Start of Recorded data
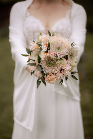 Brautsträuße in Blush- und Apricottönen wirken zart, warm und besonders romantisch. Die weichen Farbnuancen verleihen dem Strauß eine elegante Leichtigkeit und unterstreichen eine feminine, harmonische Ausstrahlung. Diese Farbkombination passt hervorragend zu natürlichen, modernen und klassischen Hochzeitskonzepten und lässt sich wunderbar mit feinen Grünakzenten ergänzen. Blush und Apricot schaffen eine sanfte, zeitlose Farbwelt voller Wärme und Gefühl.
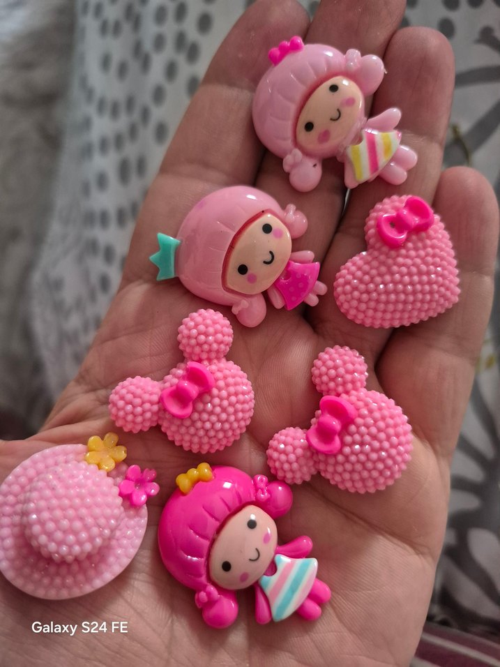 Pembe renkli, sevimli bebek ve kalp figürlü renkli süsleri, kıyafetlere ve toklara eğlenceli bir dokunuş katar.
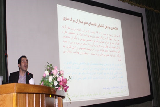 در کارگاه مذکور دکتر مسعود مظاهری ضمن تبیین تاریخچه و مفهوم مرگ مغزی به تدریس مباحث مربوط به مرگ مغزی و اهدای عضو پرداخت که تشخیص مرگ مغزی، معاینات کلینیکی در بیماران مرگ مغزی، تست های پاراکلینکی در بیماران مرگ مغزی، ارزیابی اهدا کنندگان مرگ مغزی، معیارهای اهدای عضو، مراقبت و نگهداری از بیمار مرگ مغزی و چگونگی برخورد با خانواده مرگ مغزی از جمله مباحث ارایه شده در این دوره آموزشی بود.
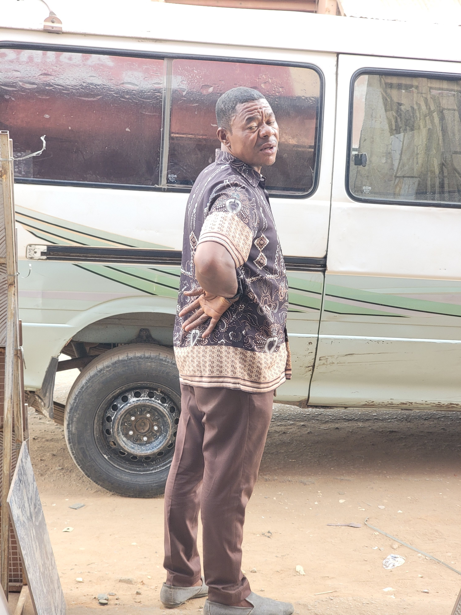 An adult male stands with arms crossed in front of a light-colored van. He wears a patterned brown and beige shirt and brown pants. The location appears to be outdoors, potentially in Maiburiji, Nigerβ¦read more
End of Recorded data
Description of the task:
Exactly the lines from the line with "در کارگاه مذکور" through the last line of the listing, both included, should be extracted, and the pictures left behind.

Expected output:
 در کارگاه مذکور دکتر مسعود مظاهری ضمن تبیین تاریخچه و مفهوم مرگ مغزی به تدریس مباحث مربوط به مرگ مغزی و اهدای عضو پرداخت که تشخیص مرگ مغزی، معاینات کلینیکی در بیماران مرگ مغزی، تست های پاراکلینکی در بیماران مرگ مغزی، ارزیابی اهدا کنندگان مرگ مغزی، معیارهای اهدای عضو، مراقبت و نگهداری از بیمار مرگ مغزی و چگونگی برخورد با خانواده مرگ مغزی از جمله مباحث ارایه شده در این دوره آموزشی بود.
 An adult male stands with arms crossed in front of a light-colored van. He wears a patterned brown and beige shirt and brown pants. The location appears to be outdoors, potentially in Maiburiji, Nigerβ¦read more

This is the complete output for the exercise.